(Data shown Opens)
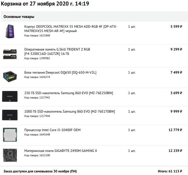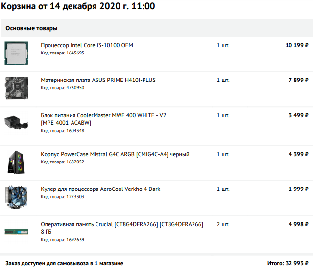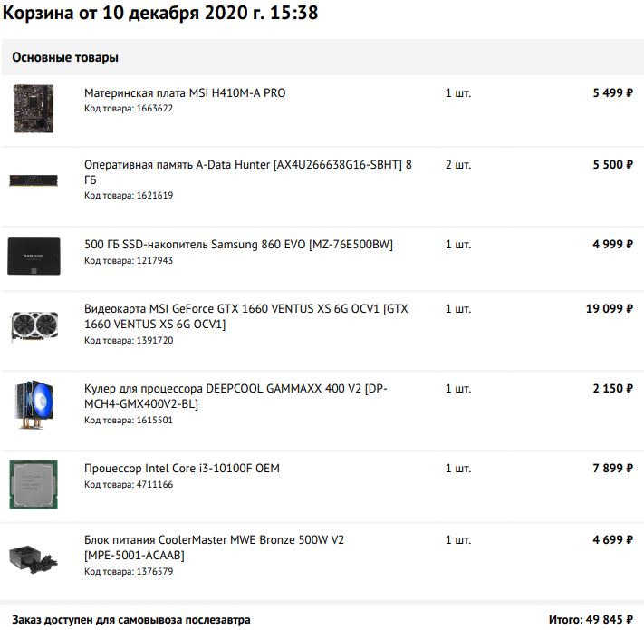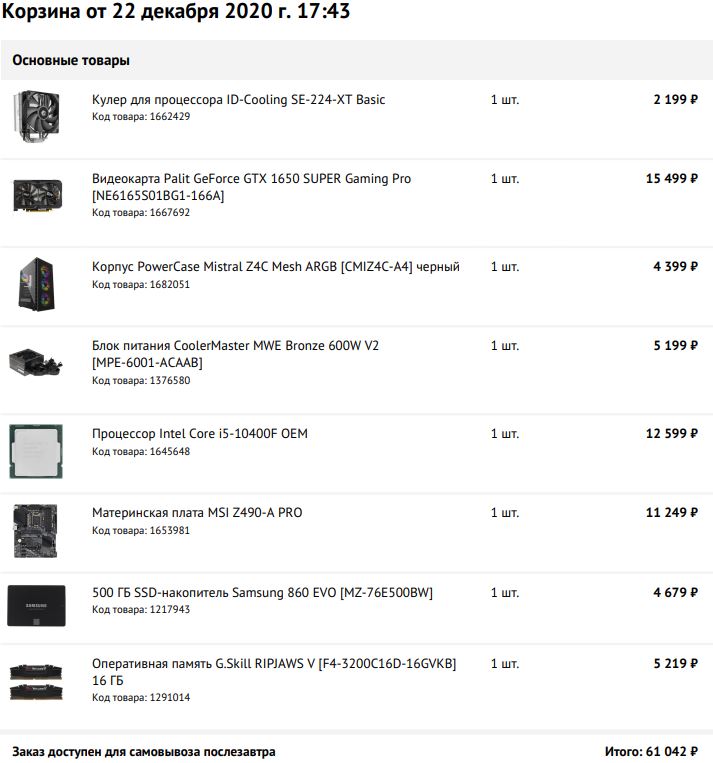 Видеокарту не стал включать в сборку, встроенная в процессор прекрасно справится с этим, но, если прям нужно, то можно и взять. БП полупассив, без нагрузку, в общем-то в данном случае будет вообще работать в пассивном режиме. Всё остальное из разряда "поставил и забыл". Корпус на вкус и цвет, можно подобрать что-то своё. Для удобства собирал в одном магазине.
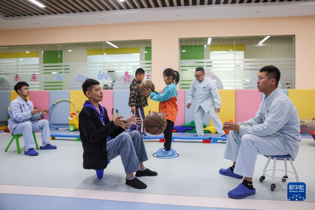 5月11日,康復治療師在渭南腦病康復醫院幫助患兒進行感覺統合訓練。
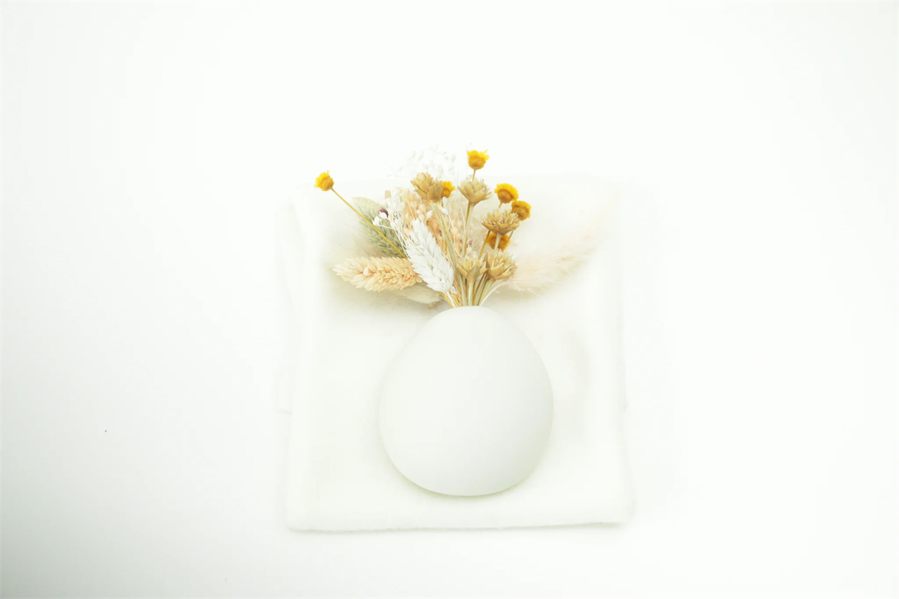 | troostdoosje Twee prachtige porseleinen vaasjes, samen verpakt in een unieke troostdoos. Ze zijn ontroerend in hun zuivere eenvoud en kunnen gebruikt worden voor zowel een droogboeketje als voor een lievelingsbloemetje in te plaatsen. Het vaasje kan water vasthouden. De twee vaasjes worden verpakt in een mooie witte vierkante magneetdoos met boeketjes en een krachtkaartje.
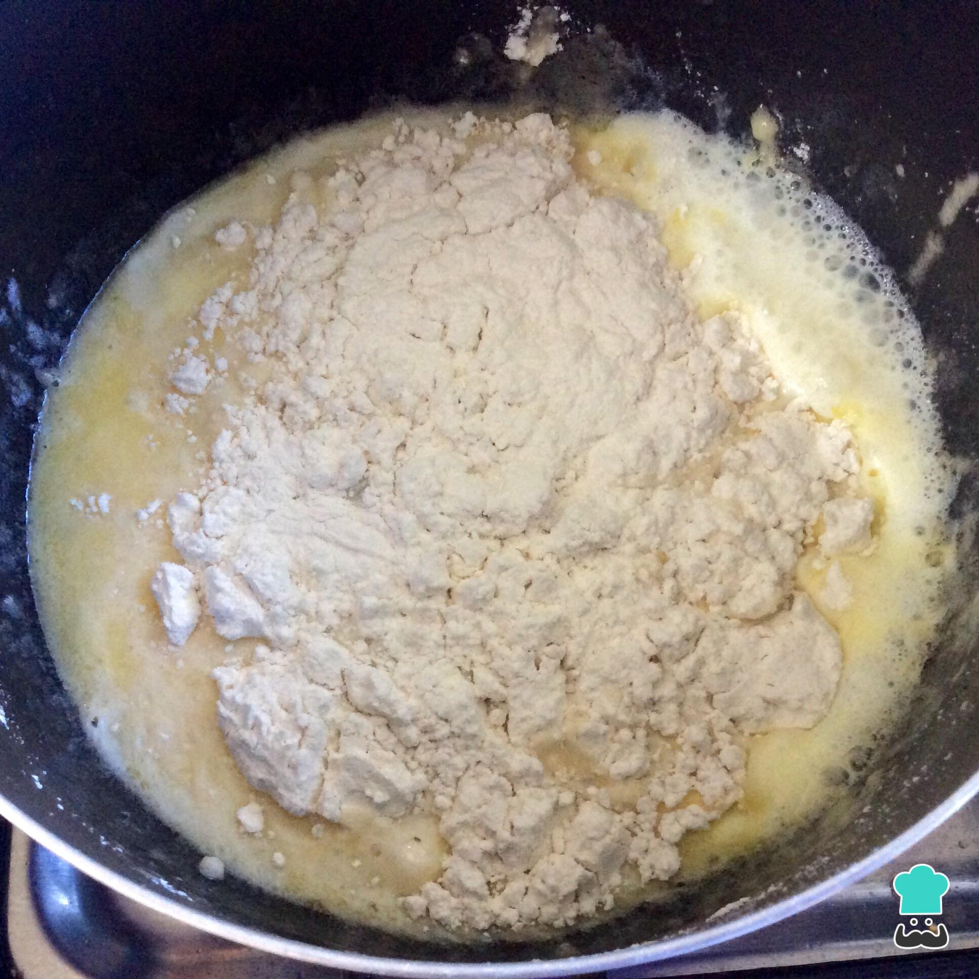 Cuando la mezcla de la leche esté hirviendo agrega la harina de golpe y sigue mezclando vigorosamente.
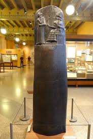 مسلة حمورابي: صنعت المسلة من حجر الديورانت الأسود طولها 225 سم وقطرها 60سم وهي اسطوانية الشكل رتبت في 44 حقل كتبت باللغة البابلية والخط المسماري تحتوي على 282 مادة ومن المرجح انها كانت تحتوي على 300 مادة في القسم الأعلى من المسلة نحت يمثل الاله شماس اله الشمس جالسا على عرشه يسلم حمورابي الواقف امامه بخشوع نص القوانين وصولجان الحكم بدأت المسلة بمقدمة ومن ثم القوانين التي يحكم بها البلاد وخاتمة طويله يذكر بها اعماله وبطولاته وانجازاته وجدت المسلة في مدينة سوسه عام 1902وهي الان في متحف اللوفر .
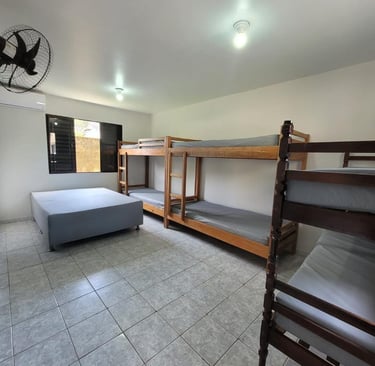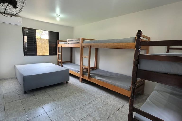 Quartos climatizados com banheiros individuais. (sem área de camping)
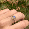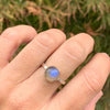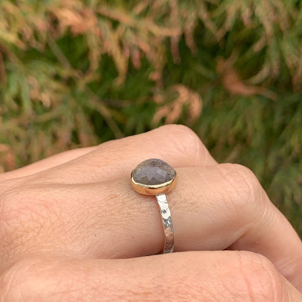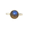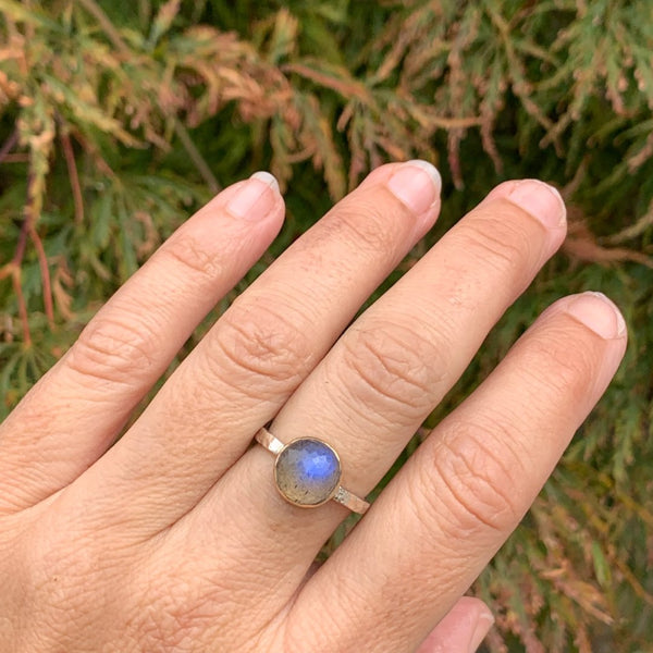 A flashy blue Labradorite is set in 14k gold accented by a hand textured sterling silver band
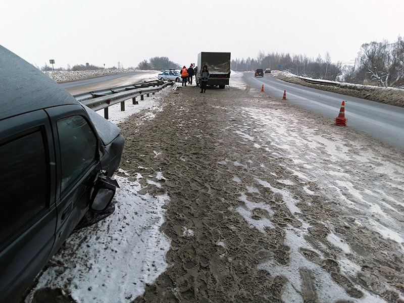 Портал регионального Управления МВД о том, что 14 января около 14.00 на 226-м километре федеральной трассы М5 «Урал» в Спасском районе 39-летний житель Саратовской области, ехавший на автомашине «Лада Приора», по предварительным данным, выбрал небезопасную скорость движения, не учёл погодные условия и не справился с управлением, из-за чего вылетел на встречку, где по касательной столкнулся с автомобилем «Газель», находившимся на проезжей части возле отбойника. После этого легковушка сбила дорожных рабочих, ремонтирующих барьерное ограждение, а затем врезалась в снегоуборочную автомашину Volvo и въехала в отбойник. В результате три дорожных работника, а также водитель «Газели» получили травмы, им оказали помощь медики.
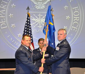 April 17, 2012 433rd Medical Squadron receives new commander Col. Anthony Pena, left, accepts the guidon and command of the 433rd Medical Squadron from Col. William Blanchette, 433rd Medical Group commander on April 14, 2012, during an assumption of command ceremony at the Kelly Annex on Joint Base San Antonio-Lackland, Texas. (U.S. Air Force photo/Maj. Tim
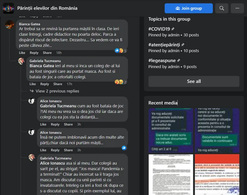 „Ar trebui sa se revină la purtarea măștii în clasa. Clase întregi, cadre didactice nu poarta deloc. Parca a dispărut riscul de infectare. Dezastru.... Sa vedem ce va fi peste câteva zile...”, a postat, de pildă, și Bianca Gatea în același grup de Facebook.
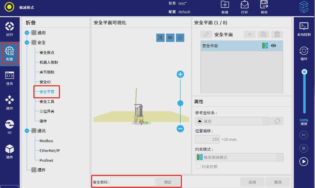4. 選擇好之前建立的坐標系或者基坐標系,通過位置偏移來確定平面位置,該位置偏移是通過增加或者減小該坐標系的Z軸坐標來實現平面位置的偏移。該平面的Z+方向是正常區域,Z-方向是限制區域,機械臂工具中心點到達該平面及該平面Z-方向區域會觸發相應的約束模式,縮減模式或者防護停止。如果機械臂進入防護停止,會自動進入安全恢復模式,手動把機械臂的工具中心點移動到Z+方向上面,機械臂才能再次正常使用。
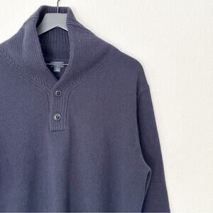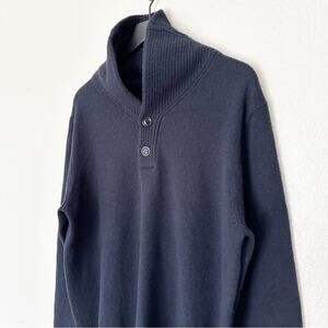 J. Crew Sweater Mens 100% Lambs Wool Button Cowl Neck Navy Cozy Casual Large
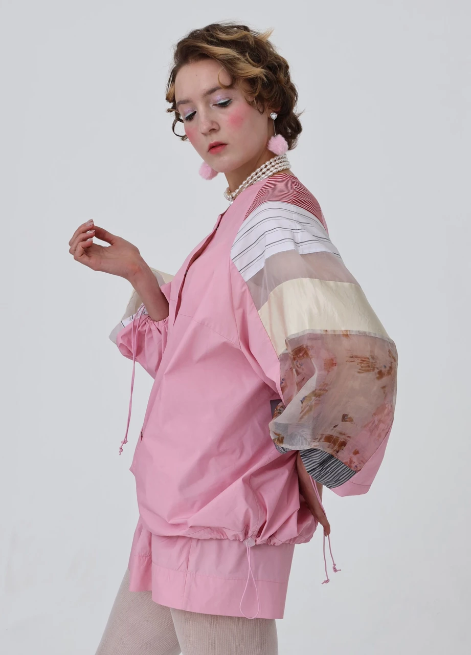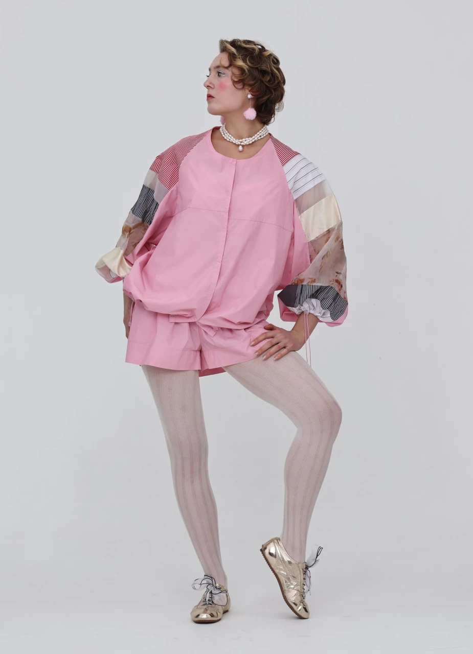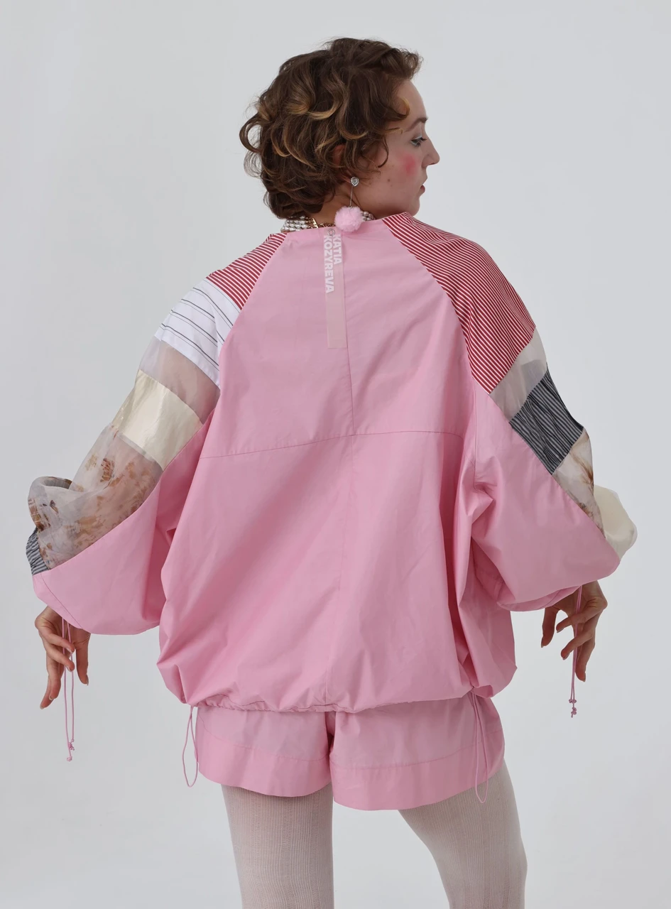 Пазл-бомбер «Щербет» — один из предметов летнего дропа бренда Katia Kozyreva. Всего в серии 17 уникальных накидок-кимоно и два бомбера. Рукава каждого из них собраны вручную Катей Козыревой из разных кусочков ткани, как пазл. Каждый рукав неповторим. Бомбер в единственном экземпляре.
(Data shown Closes)
### Directions for this task:
Because only one stretch of the records is wanted, please output the lines from the one holding "Quartos climatizados com" through the one holding "A flashy blue" exactly, both included, and leave every picture out.

### Task output:
 Quartos climatizados com banheiros individuais. (sem área de camping)
 A flashy blue Labradorite is set in 14k gold accented by a hand textured sterling silver band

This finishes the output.